List of states by adjusted per capita personal income estimates the per capita personal income of residents of U.S. states adjusted by differences in the cost of living, called "regional price parities" by the U.S. Bureau of Economic Analysis. The BEA defines regional price parities as an estimate of "the differences in price levels across states and metropolitan areas for a given year and are expressed as a percentage of the overall national price level." The BEA defines personal income as follows:

Personal income is the income received by, or on behalf of, all persons from all sources: from participation as laborers in production, from owning a home or business, from the ownership of financial assets, and from government and business in the form of transfers. It includes income from domestic sources as well as the rest of world. It does not include realized or unrealized capital gains or losses.
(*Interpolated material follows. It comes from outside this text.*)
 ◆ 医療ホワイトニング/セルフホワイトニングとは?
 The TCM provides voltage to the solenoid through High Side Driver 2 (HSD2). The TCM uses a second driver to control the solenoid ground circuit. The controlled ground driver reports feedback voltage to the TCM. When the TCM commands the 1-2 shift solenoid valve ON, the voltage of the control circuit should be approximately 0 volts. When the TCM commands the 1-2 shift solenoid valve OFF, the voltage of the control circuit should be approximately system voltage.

Personal income is estimated before the deduction of personal income taxes and other personal taxes and is reported in current dollars (no adjustment is made for price changes).
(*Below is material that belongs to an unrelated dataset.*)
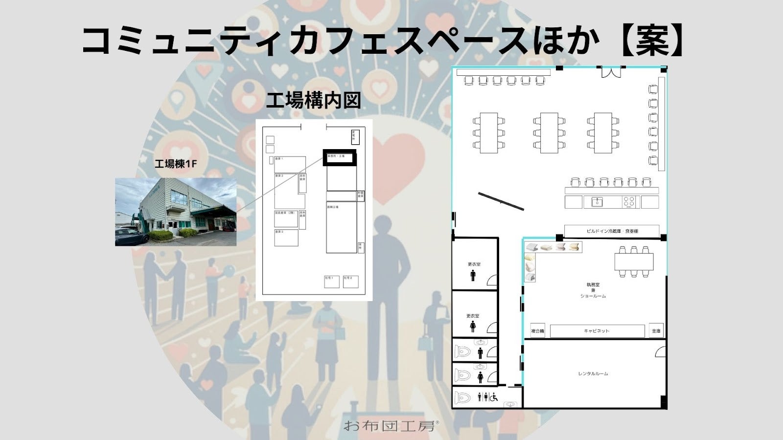工場棟1Fの執務室・食堂・会議室・更衣室・トイレのスペースを作業場寄りに拡張し、そのスペースにコミュニティカフェスペース、レンタルルーム、ショールームなどの要素を充てた、現在の構想案はこちらです。

Per Capita Personal Income (PCPI) is a more inclusive estimate of the average standard of living of citizens and residents in the U.S. than measures of per capita income. PCPI "includes wages, benefits, proprietor income, dividends, interest, rent, and transfer payments" such as Social Security, veteran's benefits, farm subsidies, welfare, and food stamps.

The differences in estimates of per capita income and per capita personal income is large. In 2019, the U.S. Census Bureau calculated a per capita income of the United States as 34,103 dollars. The U.S. Bureau of Economic Analysis calculated the PCPI as 56,490 dollars.
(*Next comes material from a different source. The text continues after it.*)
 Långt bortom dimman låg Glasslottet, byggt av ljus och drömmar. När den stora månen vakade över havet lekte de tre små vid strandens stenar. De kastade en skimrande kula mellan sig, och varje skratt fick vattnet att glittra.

A more valid accounting of the differences in the standard of living of American citizens in different states requires recognition that prices vary from state to state and community to community. In general, a dollar has more purchasing power in the poorer states than it does in the richer states. The difference in housing costs from state to state is especially important. The Bureau of Economic Analysis has calculated that the regional price parity of U.S. states ranges from 84.4 in Mississippi (the cheapest state in which to live) to Hawaii at 119.3 (the most expensive state). In other words, an income of $0.84 in Mississippi equals an income of $1.19 in Hawaii with the U.S as a whole having an average PCPI of $1.00. To put it another way, the purchasing power of a dollar is $1.18 in Mississippi and $0.84 in Hawaii. The net impact of accounting for differences in the purchasing power of a dollar in different states is to narrow the gap in the standard of living between rich and poor states.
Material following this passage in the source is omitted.